## Assigned task:
Quote the entries below from the line with "歌川广重 24-1草津 名物立场 24-2关 本阵早立" through the line with "В осеннюю промозглую", both ends included, and only those lines.

## Listed records:
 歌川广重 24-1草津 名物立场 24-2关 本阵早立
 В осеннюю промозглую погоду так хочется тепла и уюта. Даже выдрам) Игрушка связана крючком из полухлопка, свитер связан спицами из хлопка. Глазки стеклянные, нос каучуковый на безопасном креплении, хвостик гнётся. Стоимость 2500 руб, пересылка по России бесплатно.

* * *

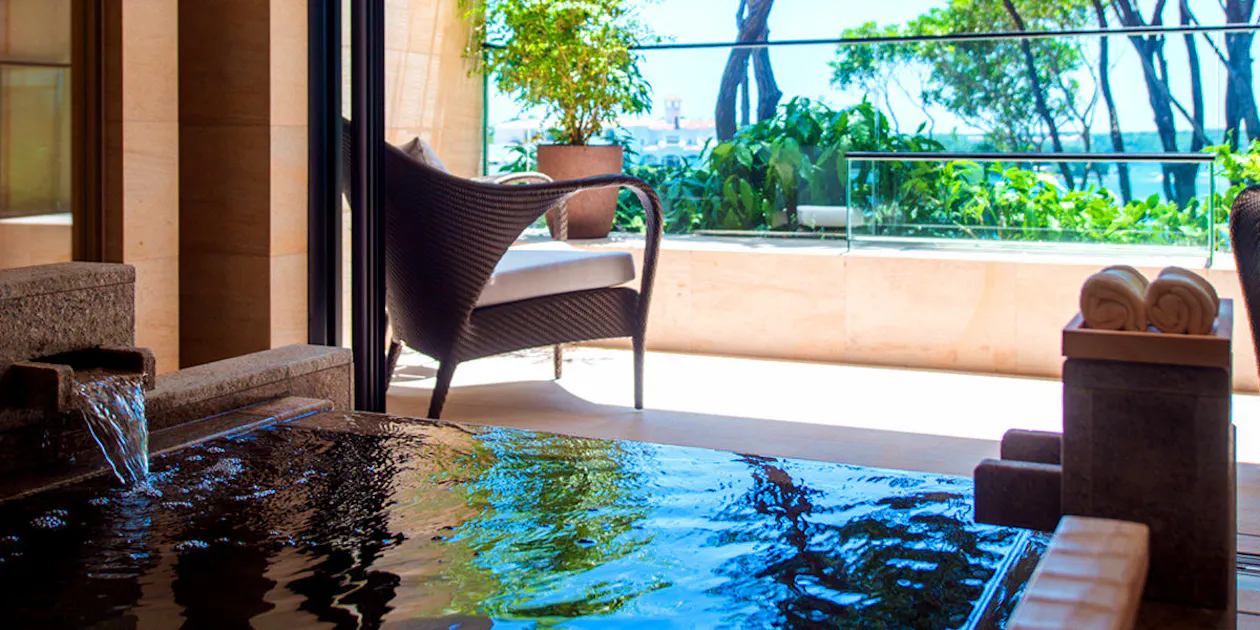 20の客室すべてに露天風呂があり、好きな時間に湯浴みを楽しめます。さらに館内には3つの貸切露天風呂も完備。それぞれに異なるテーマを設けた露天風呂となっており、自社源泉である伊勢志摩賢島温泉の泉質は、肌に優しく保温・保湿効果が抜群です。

...

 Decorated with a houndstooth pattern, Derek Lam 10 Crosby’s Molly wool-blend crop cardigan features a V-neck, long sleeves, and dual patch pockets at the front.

## Answer to the exercise:
 歌川广重 24-1草津 名物立场 24-2关 本阵早立
 В осеннюю промозглую погоду так хочется тепла и уюта. Даже выдрам) Игрушка связана крючком из полухлопка, свитер связан спицами из хлопка. Глазки стеклянные, нос каучуковый на безопасном креплении, хвостик гнётся. Стоимость 2500 руб, пересылка по России бесплатно.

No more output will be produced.